Yeah I agree with your last point. This file structure is something I've found very useful particularly for large projects. Maybe for much smaller projects the flat hierarchy works, but imo it falls apart when you're chopping and changing a lot for med to larger projects.
We’ll have to agree to disagree as far as limitations for a flatter hierarchy, I build enterprise SaaS and there aren’t many projects that have a larger scope than I do - unless of course you’re building the UI for GCP or AWS
Fairplay. I think whatever works for you and your team is good. I've worked on an app with a flat structure where we had to delete a huge chunk of it. We mostly left components folder as is because we weren't sure where the components were being used so the codebase has a bunch of components that potentially don't need to exists.
We could have done a project wide search and looked through the imports to see what was being used where but in hindsight, it would have been easier to delete pages if we had more of a complex file structure like the one I proposed above.
If you look at frameworks like Nextjs and Svelte, they are moving to folder based routing instead of file based routing so that the a folder for a specific page can contain the pages, styles, tests and even components that are only used for that page.
I have a similar approach for spring boot or quarkus projects (Java).
When I learnt it at school and through tutorials, I always saw the type driven approach, packages like database, controllers, views. But after experimenting a bit, I found component/functionality driven approach to be much more suitable: the package (folder) should group everything related to a given functionality. It is clearer, cleaner, and easier to understand without looking all over the place.

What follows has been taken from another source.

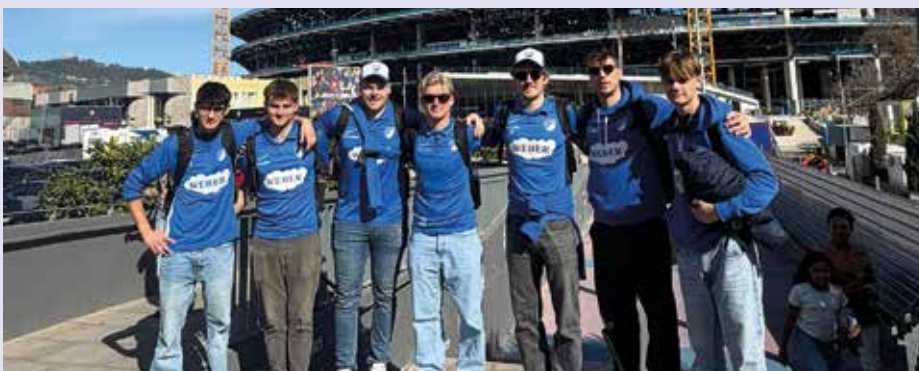
Unsere Barca-Fans beim Pflichtstopp inklusive Museumsbesuch

genutzt, einige Hartgesottene ließen es sich nicht nehmen, sogar ins Meer zu springen. Andere genossen entspannte Stunden auf der sonnigen Terrasse bei
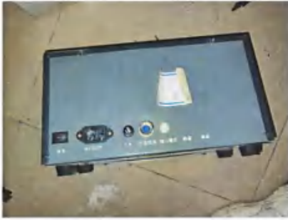
摩托车尾气分析仪

The only thing here is the need for meaningful and consistent suffixes a cross packages/folders: FooDb, FooDao, FooController / BarDb, etc.
My point is, this may apply to every language, and I completely agree with you!
Too much nested and duplicated responsibility to my like.
I found very intuitive the atomic Design approach to organize general components.
And a flat structure easier explore and maintain, but it's a subjective topic I guess.
Yeah it's a good point, everyone is different. In my opinion, the approach I've shared above works best for medium to large project that have upwards of 50 components. If say 10 of those components only belong to the settings page and for some reason you have to delete the settings page, say it's moving into its own repo. It's much easier to do that with the file structure that I've proposed than using a flat structure.